Measuring Quality of Life: The HHHHHMM Scale, and How to Use It

Measuring Quality of Life: The HHHHHMM Scale, and How to Use It

D

Dr. Alastair Greenway

MRCVS

15 Jun 202617 min read0 views
Vet reviewedby Claire Greenway, BVM&S MRCVSLast reviewed 14 Jun 2026

When you are watching a pet you love decline, the cruellest part is often how slippery the feeling is. Some mornings you are almost sure. By the afternoon, when they lift their head for you or finish their dinner, you are sure of the opposite. The question of whether their life is still good will not sit still long enough to look at, and the not-knowing is exhausting in itself. What most owners want at this point is not a verdict. It is something to hold: a way to turn an unbearable, shifting feeling into something you can actually look at, week to week, and bring to your vet.

That is exactly what a quality-of-life scale is for. The one used most across the profession is the HHHHHMM scale, created by the veterinary oncologist Dr Alice Villalobos, and this page is about how to use it honestly, dimension by dimension, for your own cat or dog. Let me say the most important thing first, before any of the scoring, because everything else hangs on it. A score is a prompt, not a verdict. It does not decide anything. It organises what you already half-know and gives you and your vet something concrete to talk about. No one can make this decision for you, but you do not have to make it alone, and your vet will help you weigh it. The decision itself, the wider "how will I know," is its own conversation in how will I know when it is time; here I just want to hand you the tool.

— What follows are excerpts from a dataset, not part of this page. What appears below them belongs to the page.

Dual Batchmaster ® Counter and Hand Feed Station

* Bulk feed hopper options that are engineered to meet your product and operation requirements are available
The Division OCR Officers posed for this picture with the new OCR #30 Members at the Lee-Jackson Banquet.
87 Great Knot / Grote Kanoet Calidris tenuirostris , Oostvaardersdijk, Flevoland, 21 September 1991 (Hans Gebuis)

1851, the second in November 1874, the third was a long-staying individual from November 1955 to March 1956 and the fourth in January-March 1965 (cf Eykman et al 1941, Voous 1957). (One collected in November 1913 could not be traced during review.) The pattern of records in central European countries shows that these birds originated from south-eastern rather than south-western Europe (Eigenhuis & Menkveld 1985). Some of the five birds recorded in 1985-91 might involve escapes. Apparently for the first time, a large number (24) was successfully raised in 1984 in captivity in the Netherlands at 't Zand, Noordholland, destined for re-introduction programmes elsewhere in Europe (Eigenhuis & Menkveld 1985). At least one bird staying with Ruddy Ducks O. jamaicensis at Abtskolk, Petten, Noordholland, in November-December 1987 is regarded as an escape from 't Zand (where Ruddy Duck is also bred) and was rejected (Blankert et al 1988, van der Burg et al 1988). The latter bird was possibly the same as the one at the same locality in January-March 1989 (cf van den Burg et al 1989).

Where the scale comes from, and why that matters

The provenance matters, because it tells you the tool is trustworthy rather than something assembled on a blog. Dr Villalobos first published the idea in 2004, in a column titled "Quality of Life Scale Helps Make Final Call," then built the scored table version for her textbook Canine and Feline Geriatric Oncology: Honoring the Human-Animal Bond (Blackwell, 2007), and it was later revised for the 2011 palliative-care and hospice guidelines of the International Veterinary Academy of Pain Management (Villalobos, 2004/2007). She designed it for her "Pawspice" programme, a quality-of-life approach to terminally ill pets that begins at diagnosis and transitions into hospice as the end nears, and the opening line of the scale names its purpose plainly: caregivers can use it "to determine the success of Pawspice care" (Villalobos, 2004/2007). In other words, it was built as a working tool for owners and vets together, to check whether comfort care is doing its job, not as a green light or a red light.

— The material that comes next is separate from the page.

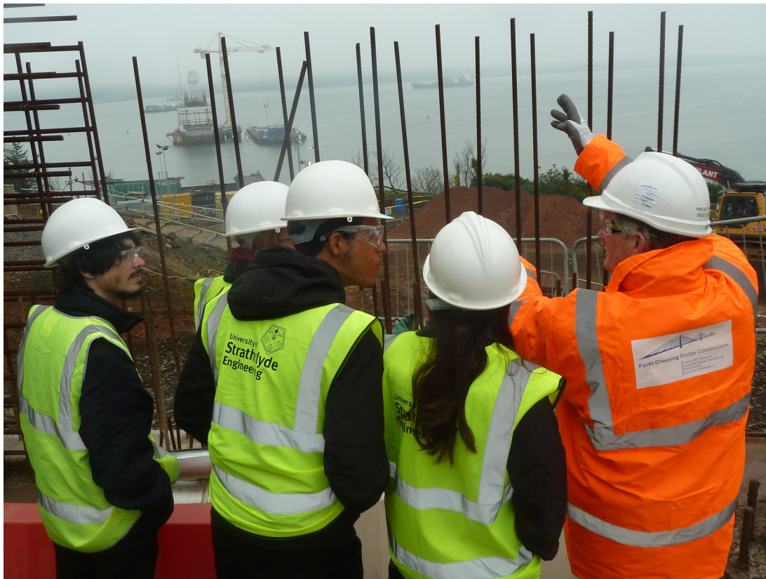
Figure 2. Mentoring (contractor)

It is also more than a popular handout. When researchers in Italy formally tested its psychometrics in 314 owners (295 of whom completed the scale), all seven dimensions loaded significantly and internal consistency was acceptable, and the authors concluded it is "an accessible and easy-to-understand tool for assessing the QoL of terminal animals" that can help owners avoid regret and guilt afterwards (Testoni et al., 2023). It is fair to say it has been validated in one sample; it is not fair to say it has been "proven" in the sense of a clinical-outcome trial, and the statistical fit was good only after two technical adjustments (Testoni et al., 2023). But for a frightened owner who wants to know this is a real instrument rather than something invented, that is the reassurance: it holds up.

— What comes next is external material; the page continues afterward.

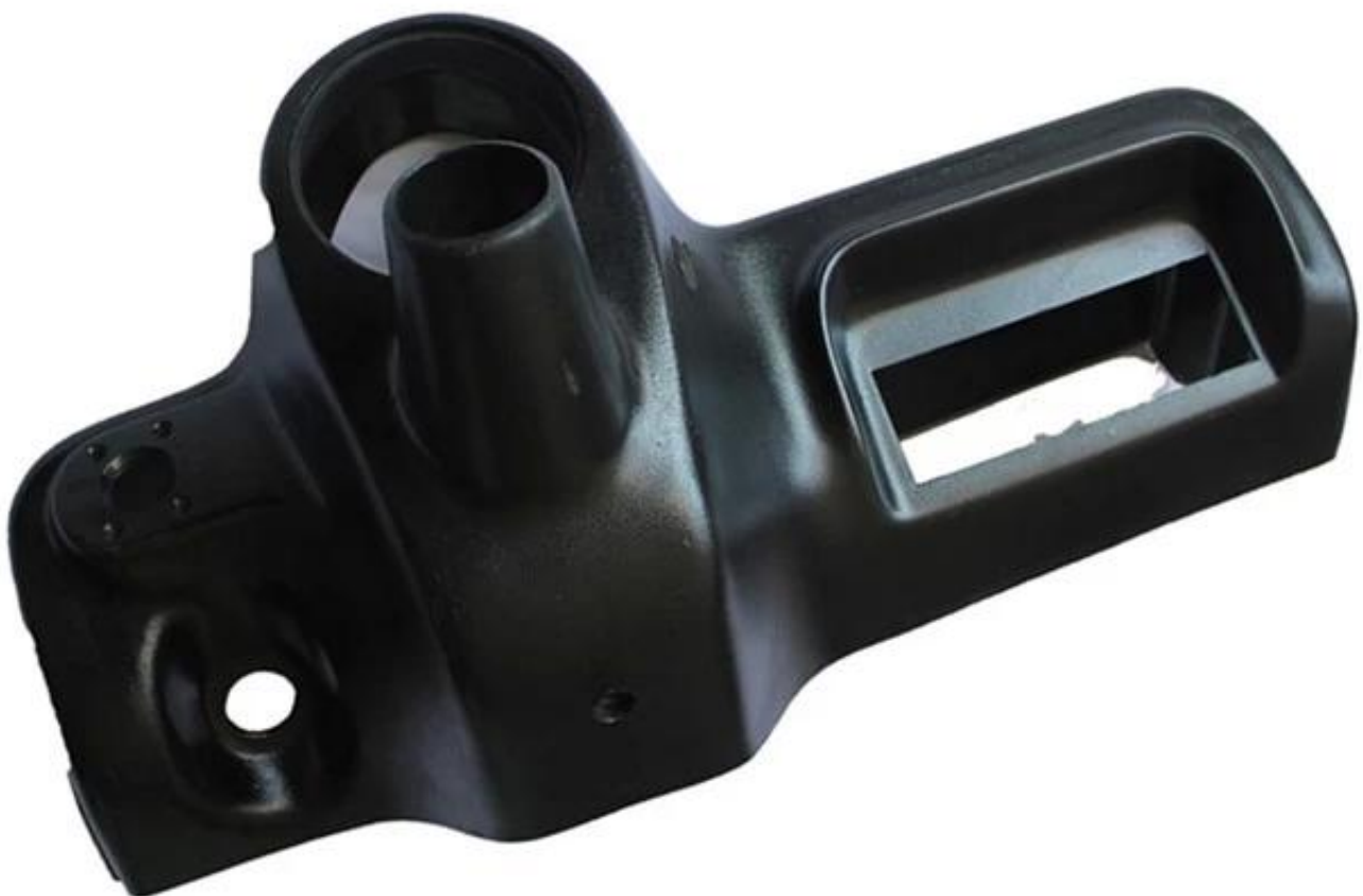
Werksseitige Anpassung des Armaturenbretts für Maschinengabelteile aus

The seven dimensions, in plain terms

HHHHHMM is an acronym for the seven things it asks you to look at: Hurt, Hunger, Hydration, Hygiene, Happiness, Mobility, and More good days than bad (Villalobos, 2004/2007). You score each one from 0 to 10, with 10 being ideal, and the original document takes a total over 35 (out of 70) as representing an acceptable quality of life to continue with hospice care (Villalobos, 2004/2007). You will see slight variations in reputable places: VCA, for instance, paraphrases the range as "1 to 10, with 10 being the best" and adds the working rule of thumb that "a score above 5 in each category, or an overall score greater than 35, suggests that the dog's quality of life is acceptable" (VCA, n.d.). Treat 0 to 10 as the original and "above 5 per category" as a useful informal check, and treat neither number as a hard line. Let me take the seven in turn, with the actual things the scale asks, translated into what they look like across a kitchen and a cat tree.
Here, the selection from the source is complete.